Several places say the default # of reducers in a Hadoop job is 1. You can use the mapred.reduce.tasks symbol to manually set the number of reducers.

当我运行Hive作业(在Amazon EMR上,AMI 2.3.3)时,它的一些减速器数量大于1。看看作业设置,有些东西已经设置了mapred.reduce.tasks,我认为Hive。它是如何选择这个数字的?

When I run a Hive job (on Amazon EMR, AMI 2.3.3), it has some number of reducers greater than one. Looking at job settings, something has set mapred.reduce.tasks, I presume Hive. How does it choose that number?

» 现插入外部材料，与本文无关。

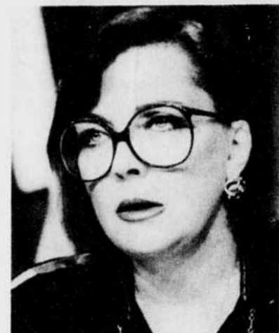
Barbara McDougall, secrétaire d'Etat aux Affaires extérieures du Canada

Il a affirmé que cette approche ne devrait pas être vue comme une ingérence dans les affaires internes du pays. La délégation devrait plutôt être considérée comme un intermédiaire entre la population haïtienne et les responsables du coup, a-t-il affirmé.
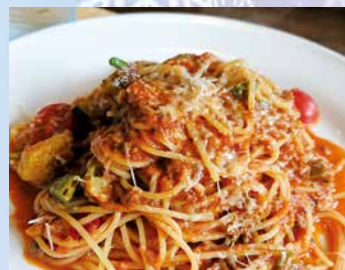
吉野鹿とお野菜のミートソース和えスパゲッティ 1,700円

注意:下面是运行Hive作业时的一些消息,应该是一个线索:

Note: here are some messages while running a Hive job that should be a clue:

... Number of reduce tasks not specified. Estimated from input data size: 500 In order to change the average load for a reducer (in bytes): set hive.exec.reducers.bytes.per.reducer=<number> In order to limit the maximum number of reducers: set hive.exec.reducers.max=<number> In order to set a constant number of reducers: set mapred.reduce.tasks=<number> ...

推荐答案

默认值为1也许是为了安装vanilla Hadoop。 Hive重写它。

The default of 1 maybe for a vanilla Hadoop install. Hive overrides it.

在开放源码配置单元(和EMR可能)中

In open source hive (and EMR likely)

# reducers = (# bytes of input to mappers) / (hive.exec.reducers.bytes.per.reducer)

此帖子 a>表示默认的hive.exec.reducers.bytes.per.reducer是1G。

This post says default hive.exec.reducers.bytes.per.reducer is 1G.

您可以使用 hive.exec.reducers.max 。

如果你确切知道你想要的reducer的数量,你可以设置 mapred.reduce.tasks ,这个将覆盖所有启发式。 (默认情况下,它设置为-1,表示Hive应该使用它的启发式方法。)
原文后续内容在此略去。